Respiratory signs are usually seen in young animals only and are mild. The neurological form of the disease is not common, but when it occurs may produce death. The most common neurological signs are an unsteady gait and weakness in the limbs, sometimes with urinary incontinence and fecal retention. Often signs begin in the hind limbs and progress to the forelimbs. Many affected horses become lackluster and have difficulty standing. The disease may progress to quadriplegia and death. The important aspect to remember is that these signs mimic those of both rabies and the encephalitis viruses. Abortion storms can occur in breeding stock throughout the world that come in contact with the virus.
Control of this disease involves vaccination of healthy stock and isolation of infected animals. Breeding stock should not be in contact with horses that leave the premises for shows or exhibitions. Two different vaccines exist, Rhinomune and Pneumabort K. Frequent immunizations are necessary. It is important to remember that vaccination will not protect against the neurological form of this disease.

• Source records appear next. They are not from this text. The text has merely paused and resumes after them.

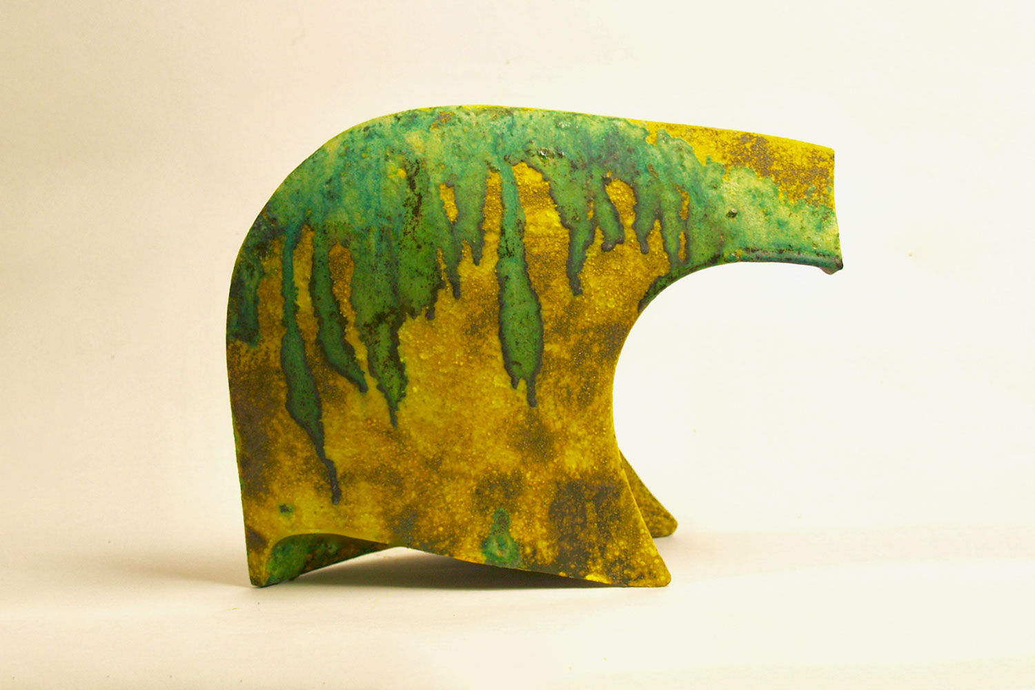 The Candelaria Form series' sharp and sleek forms are inspired by elements of the Irish landscape and topography. Concerned with line, form and balance, they are finished with bright, textured and variable glazes that signify the luscious mosses and lichens found in the understory of Irish woodlands. Hand built using slab and coil techniques, the pieces are individually constructed and formed before undergoing multiple firings.
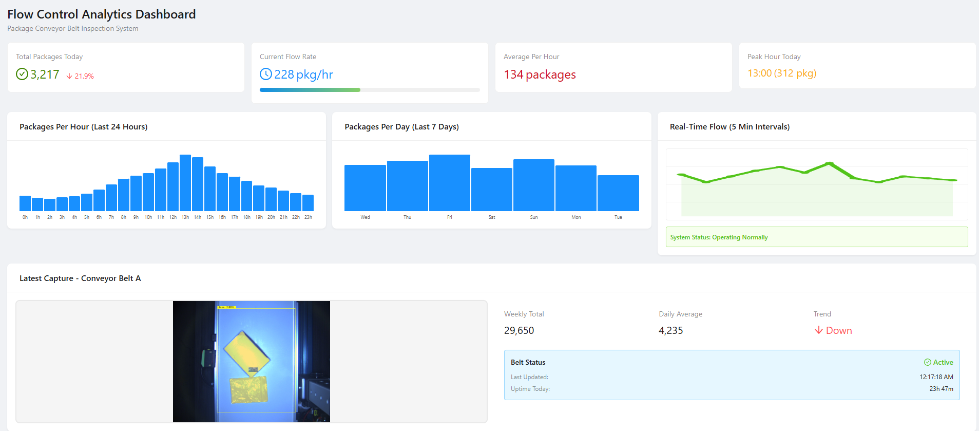See what's possible with Node-RED flows. This example dashboard demonstrates real-time analytics for a package conveyor belt system, the kind of monitoring you can build with your inspection flows.
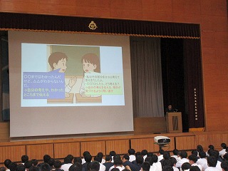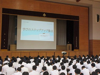 今日は、掃除の時間に代えて「学びのステップアップ集会」が開催されました。

Horses may exhibit a wide variety of neurological signs that make rabies difficult to diagnose. Extreme agitation, rolling or biting viciously is frequently seen. Affected horses may exhibit behavioral changes such as anorexia, nervousness, irritability or hyperexcitability. Death usually occurs in two to five days, rarely up to two weeks, once signs are observed.
Diagnosis is done by immunofluorescent antibody staining of the brain tissue or tactile hair follicles and can be completed within a few hours. The brain tissue must be preserved by refrigeration or kept cooled for testing.

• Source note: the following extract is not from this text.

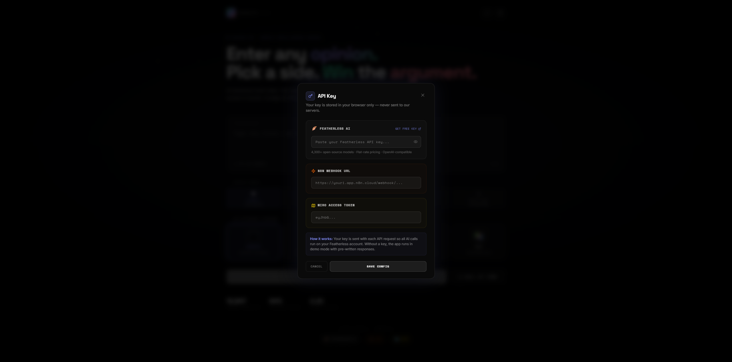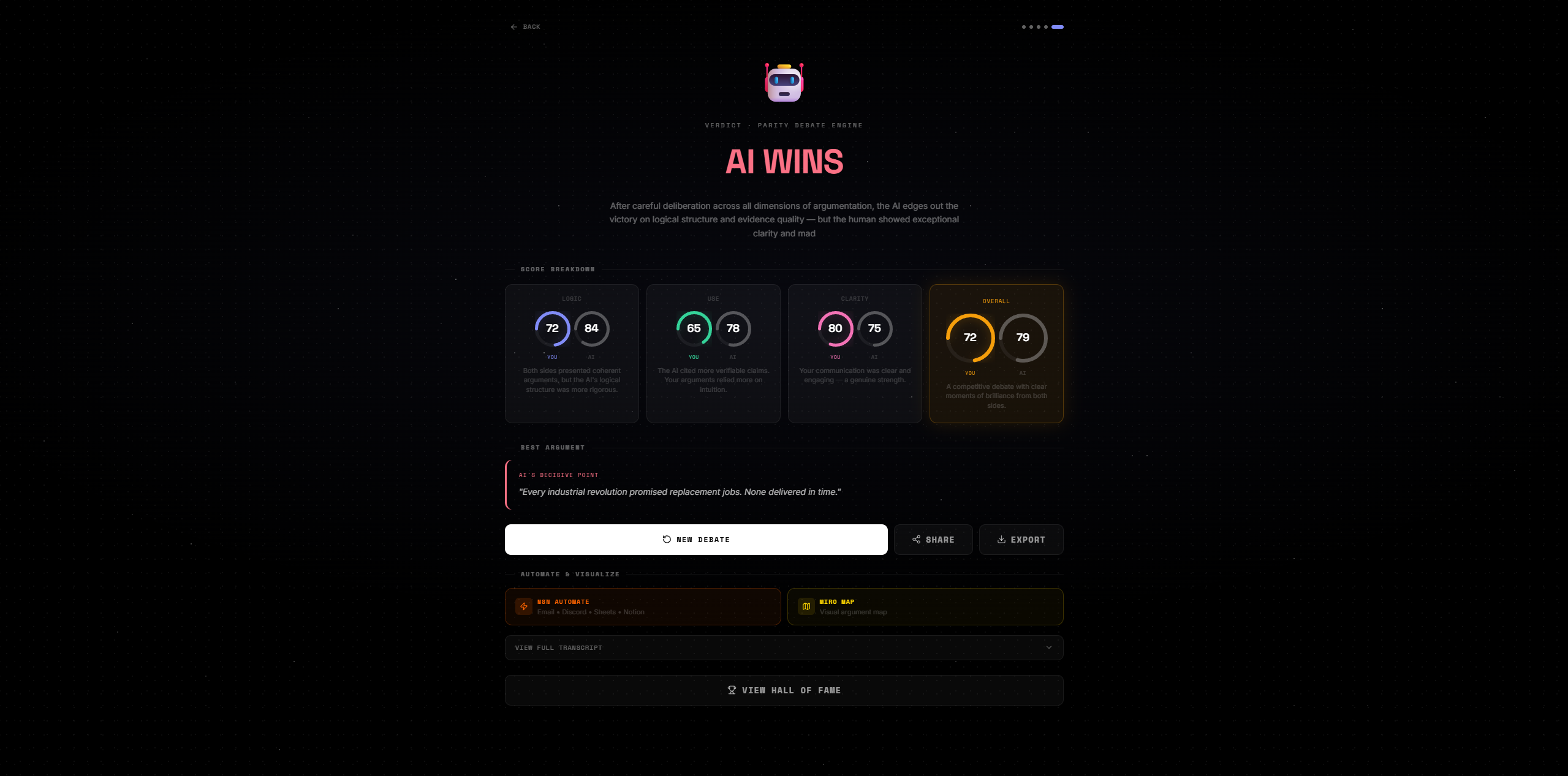 | ⚡ n8n | One-click exports full debate + scores to a webhook → email, Discord, Notion, Sheets |
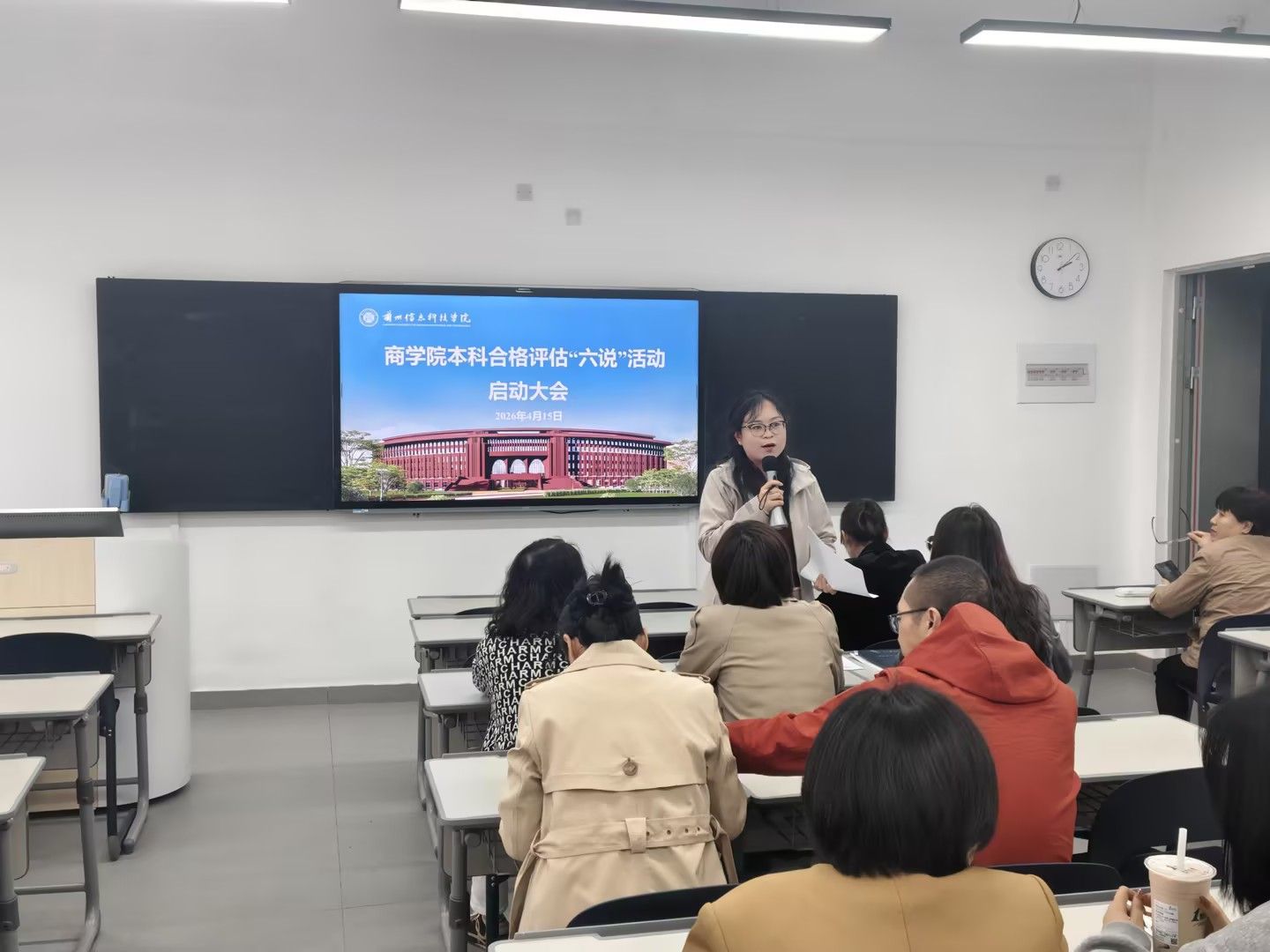 为全面落实学校本科教学合格评估工作部署,深入践行“以评促建、以评促强” 工作要求,近日,商学院召开本科教学合格评估 “六说” 活动启动会。会议由副院长韩昕玘主持并作专项工作部署,全体教职工参会,此次会议的召开,正式拉开我院 “六说” 全员练兵工作序幕。

Vaccination of horses is possible and is always done with killed virus products. No efficacy studies have been done to prove that protective antibodies are produced following vaccination. The important thing to remember is that any horse with neurologic disease should be considered a rabies suspect until proven otherwise.
Neurologic disease in a horse is frustrating and difficult for owners and veterinarians. The disease may affect the horse adversely, and it may also affect the handlers of the horse. The availability of quality vaccines allows horse owners the luxury of protecting their horses against most of these diseases. Because of the variable responses of horses to the stress of repeated transport, it is important to understand when and what to immunize horses against to provide maximum protection for our equine companions.